[MATERIAL FOR THE TASK]
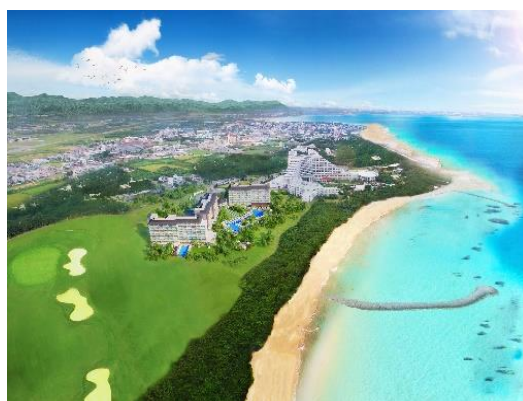
ANA インターコンチネンタル石垣リゾート
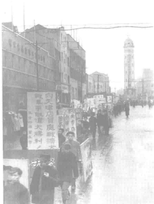
► 1951 年底到 1952 年上半年,全国开展了“三反”“五反”运动。图为重庆工商业工会会员举行“五反”游行。
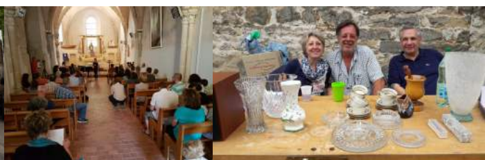
Participants au vide grenier
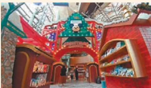
■朗豪坊「迪士尼Tsum Tsum聖誕市集」
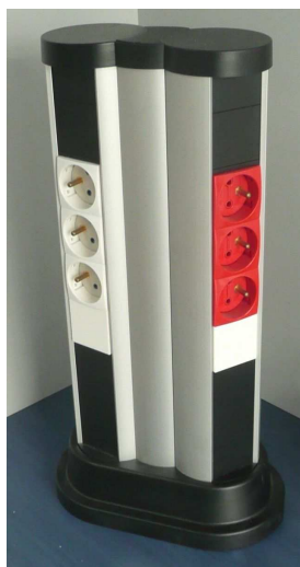
Widok kompletnego słupka Codi Sigma.
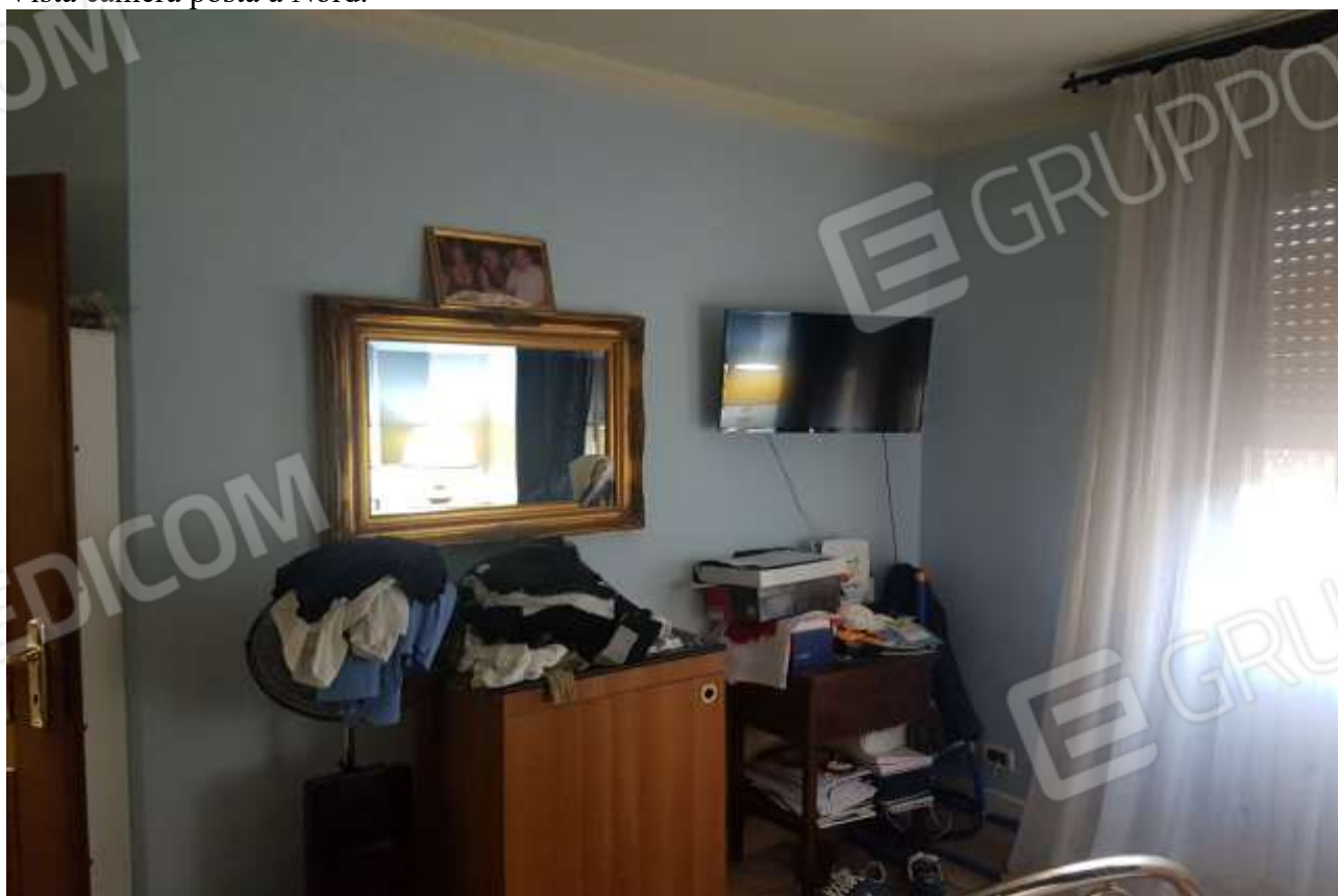
Vista camera posta a Nord.

[DESCRIPTION OF THE TASK] Pictures stay out of this copy. Retype exactly the lines from the one with "1951 年底到 1952" through the last line of the data, both ends included, and nothing more.

[WORKED SOLUTION]
► 1951 年底到 1952 年上半年,全国开展了“三反”“五反”运动。图为重庆工商业工会会员举行“五反”游行。
Participants au vide grenier
■朗豪坊「迪士尼Tsum Tsum聖誕市集」
Widok kompletnego słupka Codi Sigma.
Vista camera posta a Nord.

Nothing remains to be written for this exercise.